PROBLEM TO SOLVE: What are the lines from the top of the entries through the one with "Update terkini mengenai"? Write them out exactly, with no pictures.

DATASET EXCERPTS:
<<<<
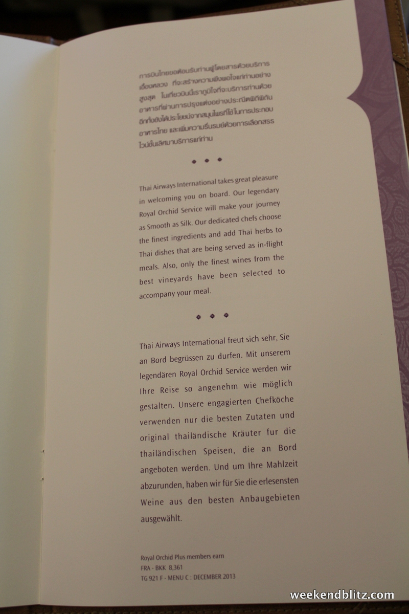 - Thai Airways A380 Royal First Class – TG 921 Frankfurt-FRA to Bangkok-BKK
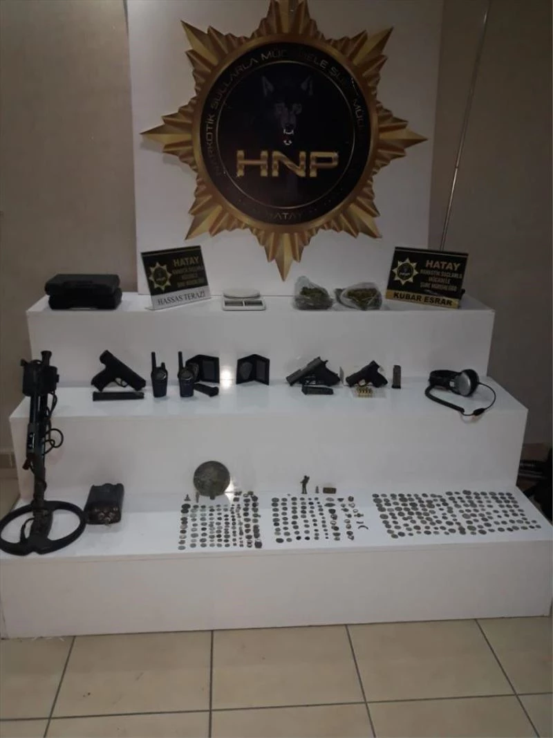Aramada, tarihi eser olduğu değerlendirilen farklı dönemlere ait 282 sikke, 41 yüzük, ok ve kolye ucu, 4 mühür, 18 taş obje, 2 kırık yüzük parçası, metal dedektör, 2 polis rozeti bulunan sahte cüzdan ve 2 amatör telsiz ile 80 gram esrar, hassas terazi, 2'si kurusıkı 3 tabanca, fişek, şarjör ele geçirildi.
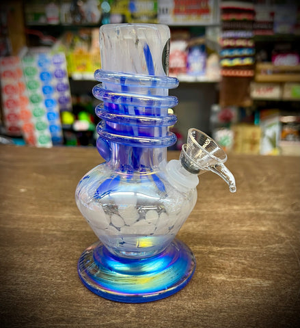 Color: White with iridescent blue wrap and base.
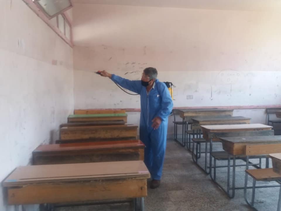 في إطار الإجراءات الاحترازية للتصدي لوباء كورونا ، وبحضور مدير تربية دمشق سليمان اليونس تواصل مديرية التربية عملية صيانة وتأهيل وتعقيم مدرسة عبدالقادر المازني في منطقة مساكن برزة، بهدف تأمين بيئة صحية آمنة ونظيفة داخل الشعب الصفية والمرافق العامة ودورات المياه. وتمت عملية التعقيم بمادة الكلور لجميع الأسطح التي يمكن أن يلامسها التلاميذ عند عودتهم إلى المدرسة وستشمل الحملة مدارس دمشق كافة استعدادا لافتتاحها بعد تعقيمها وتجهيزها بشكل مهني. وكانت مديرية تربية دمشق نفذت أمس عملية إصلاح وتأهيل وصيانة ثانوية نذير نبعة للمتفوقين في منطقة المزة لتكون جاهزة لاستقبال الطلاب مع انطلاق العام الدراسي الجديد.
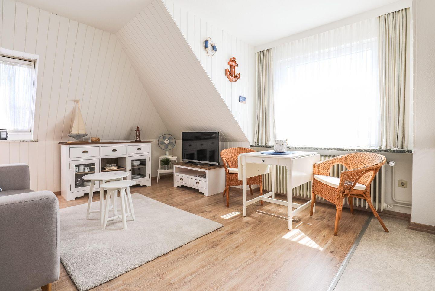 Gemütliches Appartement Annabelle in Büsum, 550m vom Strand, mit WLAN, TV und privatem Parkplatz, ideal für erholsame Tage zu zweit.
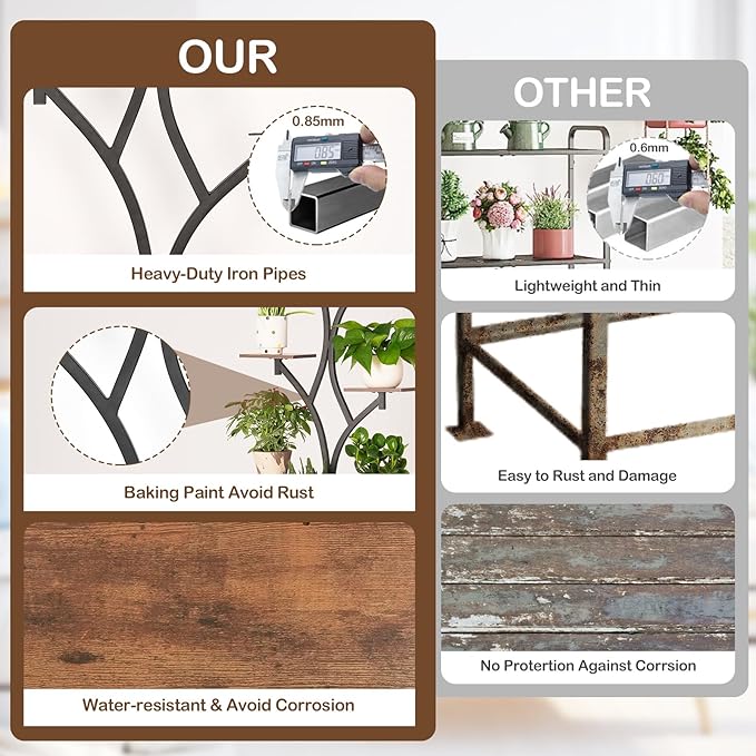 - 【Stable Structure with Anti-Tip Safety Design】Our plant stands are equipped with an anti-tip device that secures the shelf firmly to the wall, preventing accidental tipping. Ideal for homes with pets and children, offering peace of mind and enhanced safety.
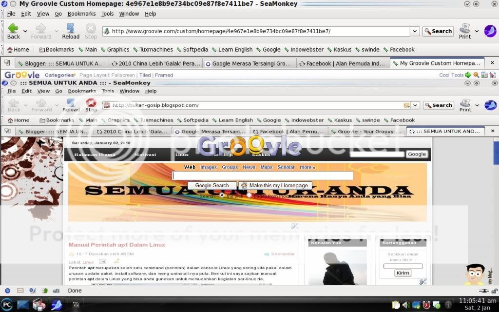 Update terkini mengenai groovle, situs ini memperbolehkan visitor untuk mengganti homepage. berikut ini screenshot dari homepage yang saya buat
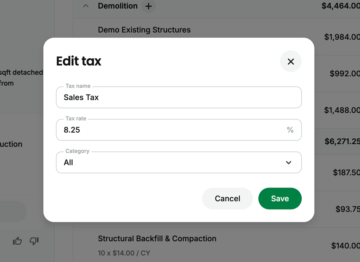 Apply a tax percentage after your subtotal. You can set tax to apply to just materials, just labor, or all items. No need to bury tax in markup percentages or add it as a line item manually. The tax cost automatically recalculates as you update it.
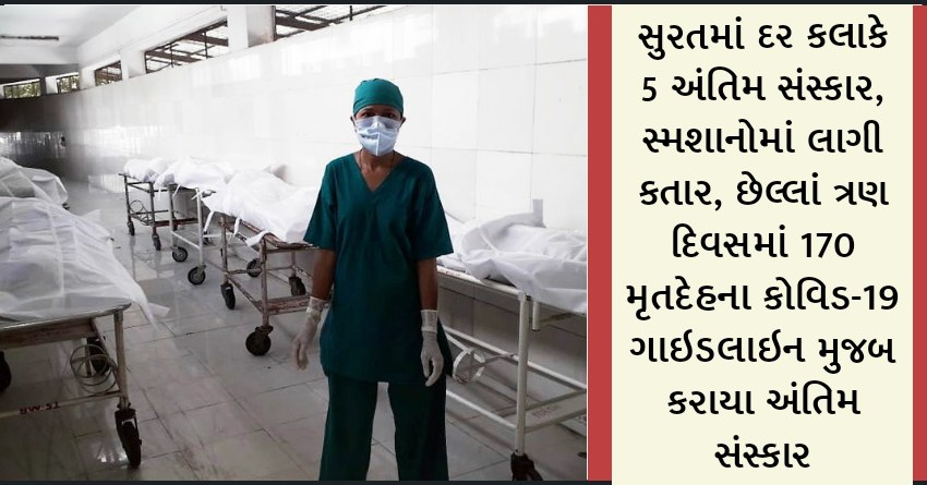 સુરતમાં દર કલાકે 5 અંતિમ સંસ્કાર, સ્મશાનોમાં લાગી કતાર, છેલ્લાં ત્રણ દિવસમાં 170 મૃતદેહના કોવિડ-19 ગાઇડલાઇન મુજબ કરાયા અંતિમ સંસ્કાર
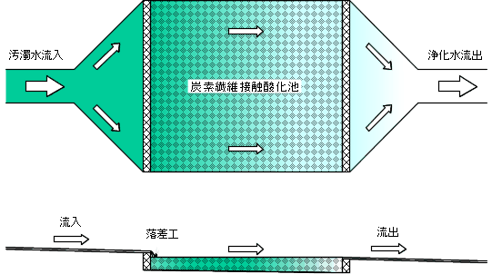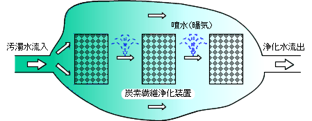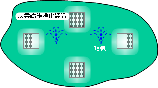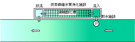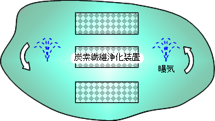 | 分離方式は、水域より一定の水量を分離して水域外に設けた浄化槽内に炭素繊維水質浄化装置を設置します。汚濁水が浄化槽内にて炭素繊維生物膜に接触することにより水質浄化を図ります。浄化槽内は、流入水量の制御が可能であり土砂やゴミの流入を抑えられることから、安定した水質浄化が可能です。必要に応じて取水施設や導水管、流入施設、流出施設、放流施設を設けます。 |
>>>>
OUTPUT BELOW:
 - Thai Airways A380 Royal First Class – TG 921 Frankfurt-FRA to Bangkok-BKK
Aramada, tarihi eser olduğu değerlendirilen farklı dönemlere ait 282 sikke, 41 yüzük, ok ve kolye ucu, 4 mühür, 18 taş obje, 2 kırık yüzük parçası, metal dedektör, 2 polis rozeti bulunan sahte cüzdan ve 2 amatör telsiz ile 80 gram esrar, hassas terazi, 2'si kurusıkı 3 tabanca, fişek, şarjör ele geçirildi.
 Color: White with iridescent blue wrap and base.
 في إطار الإجراءات الاحترازية للتصدي لوباء كورونا ، وبحضور مدير تربية دمشق سليمان اليونس تواصل مديرية التربية عملية صيانة وتأهيل وتعقيم مدرسة عبدالقادر المازني في منطقة مساكن برزة، بهدف تأمين بيئة صحية آمنة ونظيفة داخل الشعب الصفية والمرافق العامة ودورات المياه. وتمت عملية التعقيم بمادة الكلور لجميع الأسطح التي يمكن أن يلامسها التلاميذ عند عودتهم إلى المدرسة وستشمل الحملة مدارس دمشق كافة استعدادا لافتتاحها بعد تعقيمها وتجهيزها بشكل مهني. وكانت مديرية تربية دمشق نفذت أمس عملية إصلاح وتأهيل وصيانة ثانوية نذير نبعة للمتفوقين في منطقة المزة لتكون جاهزة لاستقبال الطلاب مع انطلاق العام الدراسي الجديد.
 Gemütliches Appartement Annabelle in Büsum, 550m vom Strand, mit WLAN, TV und privatem Parkplatz, ideal für erholsame Tage zu zweit.
 - 【Stable Structure with Anti-Tip Safety Design】Our plant stands are equipped with an anti-tip device that secures the shelf firmly to the wall, preventing accidental tipping. Ideal for homes with pets and children, offering peace of mind and enhanced safety.
 Update terkini mengenai groovle, situs ini memperbolehkan visitor untuk mengganti homepage. berikut ini screenshot dari homepage yang saya buat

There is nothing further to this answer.